WHAT YOU ARE ASKED TO DO → After dropping the pictures, give again exactly the lines of the data from its first line through the line with "Pillya has paralysis", which is included as well.

PROVIDED MATERIAL →
◆ ◆ ◆ ◆ ◆

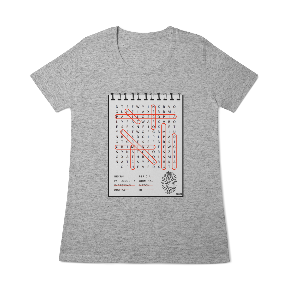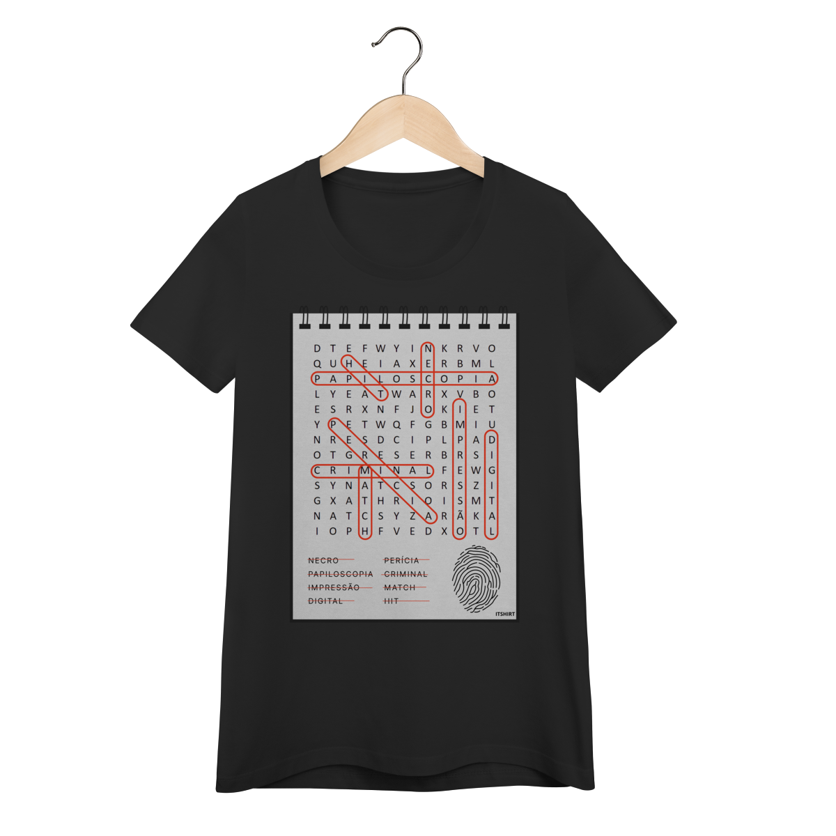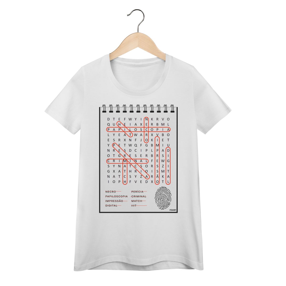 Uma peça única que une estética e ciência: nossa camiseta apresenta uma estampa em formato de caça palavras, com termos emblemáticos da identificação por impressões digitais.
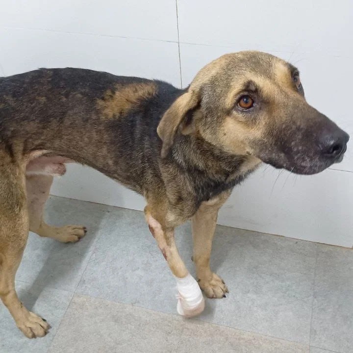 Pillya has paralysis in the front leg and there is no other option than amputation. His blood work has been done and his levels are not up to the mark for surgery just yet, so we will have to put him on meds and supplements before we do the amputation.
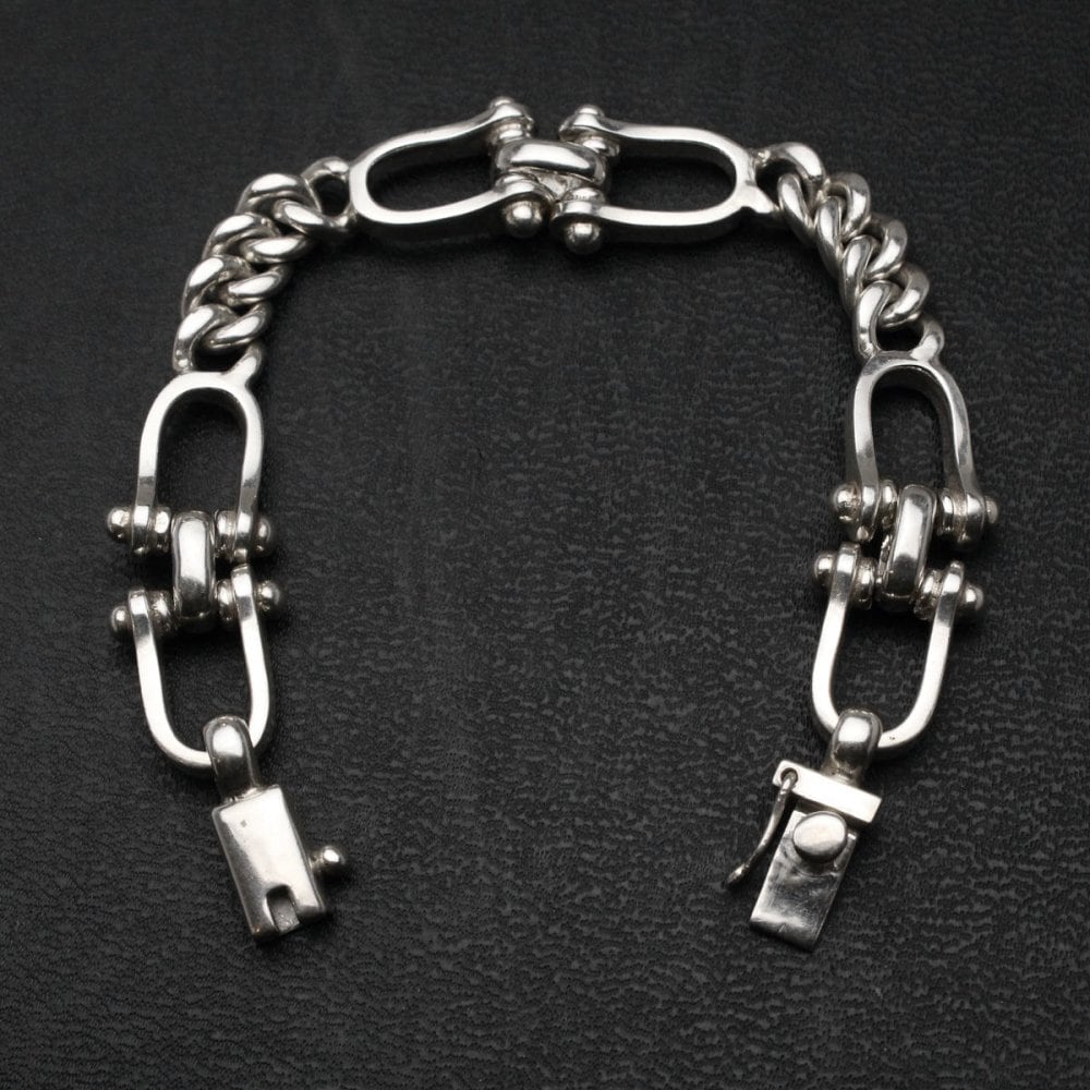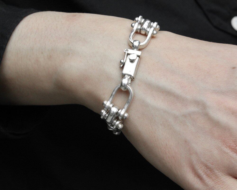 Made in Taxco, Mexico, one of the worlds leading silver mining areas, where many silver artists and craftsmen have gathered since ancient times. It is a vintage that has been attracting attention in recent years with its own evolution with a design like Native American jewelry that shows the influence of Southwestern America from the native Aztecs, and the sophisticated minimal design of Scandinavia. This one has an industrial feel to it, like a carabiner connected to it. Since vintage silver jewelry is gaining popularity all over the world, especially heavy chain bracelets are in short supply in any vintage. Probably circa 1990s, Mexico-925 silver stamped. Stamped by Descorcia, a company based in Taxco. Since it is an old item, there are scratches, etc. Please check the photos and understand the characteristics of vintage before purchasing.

◆ ◆ ◆ ◆ ◆

THE COMPLETED TASK →
 Uma peça única que une estética e ciência: nossa camiseta apresenta uma estampa em formato de caça palavras, com termos emblemáticos da identificação por impressões digitais.
 Pillya has paralysis in the front leg and there is no other option than amputation. His blood work has been done and his levels are not up to the mark for surgery just yet, so we will have to put him on meds and supplements before we do the amputation.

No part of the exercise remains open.